Magic
Avevo detto (e scritto) che non avrei più parlato della vicenda Alitalia. Ma alcune mail di lettori affezionati e alcune chiaccherate con colleghi operatori del settore mi stanno convincendo che un ultimo commento lo “devo” per forza postare. Quanto meno alla luce di tutto il fiume di parole e di inchiostro che questa storia ha generato. Una storia in cui non ci siamo fatti mancare nulla. Dai mille ultimatum alla corsa al prendersi il merito della firma dell’accordo.

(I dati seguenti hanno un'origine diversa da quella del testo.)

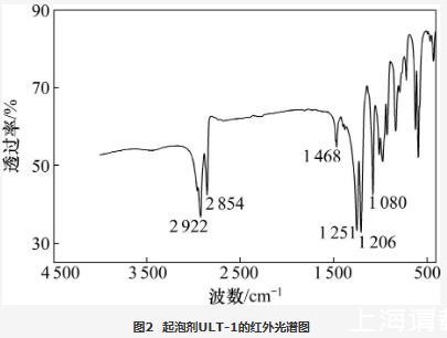 2)利用紅外光譜、質(zhì)譜進行新型起泡劑ULT-1分子結(jié)構(gòu)表征,起泡劑ULT-1分子中具有硫酸酯鍵、醚鍵、碳氫鍵等官能團,與分子結(jié)構(gòu)設(shè)計一致。

Contrariamente al mio solito, sarò sintetico. Ispirandomi al testo di “Magic“, il brano che da il titolo all’ultimo album (si dice ancora così o è un termine da vecchi ?!?) di Bruce Springsteen dirò semplicemente: trust none of what you hear and less of what you see …


per parafrasare anche: keep friends close and enemies even closer ?
Comunque alla fine abbiamo una compagnia di bandiera ! almeno sembra.
1 ottobre 2008 alle 10:06 amti rispondo con 1 frase tratta da una canzone di Giuliano Palma e The Bluebeaters 1 pò più recente … :
2 ottobre 2008 alle 9:41 am“se ne dicon di parole, sono schegge di rancore, come artigli di avvoltoi fredde lame di rasoi ” .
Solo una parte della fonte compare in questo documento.